The Founding Fathers Would’ve Been Pro-Face Mask

(Bloomberg Opinion) -- During a smallpox outbreak in March 1662, officials in East Hampton, near the eastern tip of New York’s Long Island,(1) tried to cut off movement between the town and surrounding Indian villages. “It is ordered that no Indian shall come to towne into the street after sufficient notice upon penalty of 5s. or be whipped until they be free of the smallpoxe,” they decreed. Town residents who visited nearby “wigwams” were to suffer the same punishment.

Year-round residents of East Hampton might have welcomed such a restriction this March, when rich New Yorkers fled the city for their summer homes in the Hamptons and elsewhere, in some cases bringing the new coronavirus with them. Now, the states of New York, New Jersey and Connecticut are requiring travelers from 22 states where Covid-19 is on the rise to self-quarantine for 14 days after arrival. No whippings await those who flout the rules, but a fine of up to $10,000 might.

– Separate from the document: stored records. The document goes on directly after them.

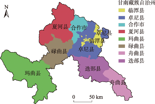 表1 甘南藏族自治州土地利用类型面积及占比Tab. 1 Area and proportion of land use types in Gannan Tibetan Autonomous Prefecture |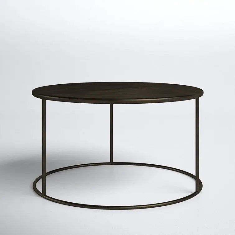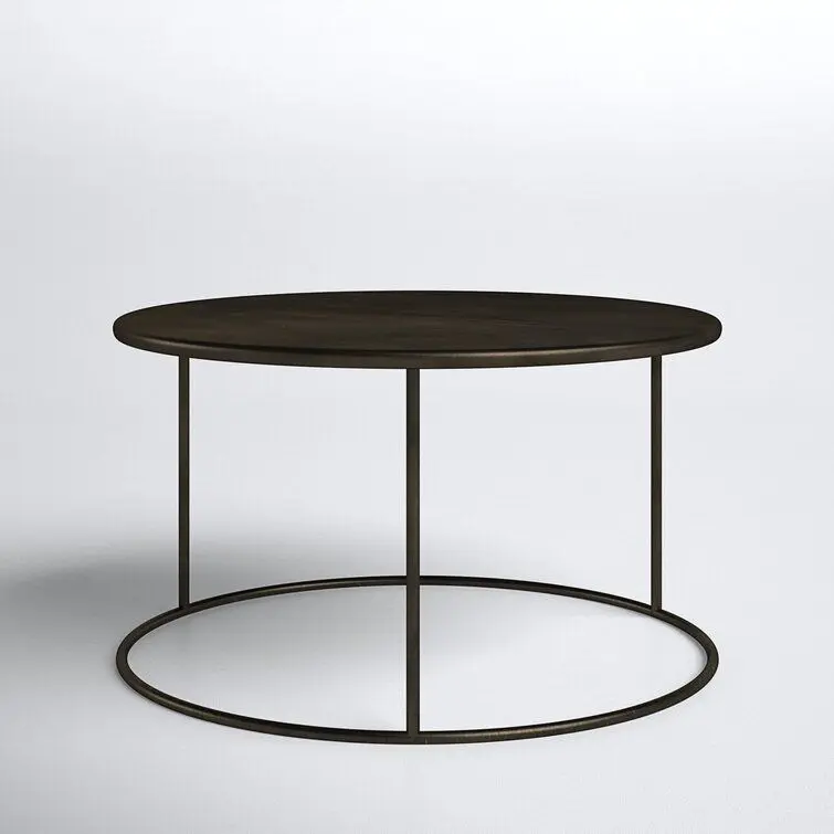- Contemporary circular steel table with a vigorous American industrial black finish.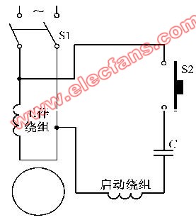 最普遍使用的單相異步電動機是電容分相式的,電動機有2個繞組,啟動電容與其中一個電容

The limitations on movement, commerce and fashion (by which I mean face-mask mandates) that have been imposed to fight Covid-19 in the U.S. this year have been decried in some quarters as unprecedented and unconstitutional affronts to liberty. As is apparent from the historical example above, there’s nothing unprecedented about restricting freedom in the name of fighting infectious disease. There’s nothing unconstitutional either: The U.S. Supreme Court explicitly endorsed state quarantine powers in 1824, and though citizens have occasionally challenged the application of those powers as violations of the due process clauses of the Fifth and 14th Amendments, they have usually lost their court cases.

Still, it is at least conceivable that some measures used this year to slow the spread of Covid-19 have been so harsh and so disproportionate that they represent a break with this country’s disease-fighting history and values. A couple of questions posed recently on Newsmax by Stephen B. Presser, an emeritus professor at the Northwestern University Pritzker School of Law and a critic of coronavirus lockdowns, put matters nicely if hyperbolically in focus:

Would George Washington, Alexander Hamilton, or Thomas Jefferson wear facemasks?

Would they have closed down American society, abrogating all constitutional rights and freedoms out of fear of a pandemic?

The answer to the first is easy. Yes, they probably would wear face masks. Washington, Hamilton and Jefferson were all creatures of the Enlightenment, firm believers in science and in progress. Not every Founding Father was like that (John Adams had his doubts about progress), but the three that Presser cites certainly were.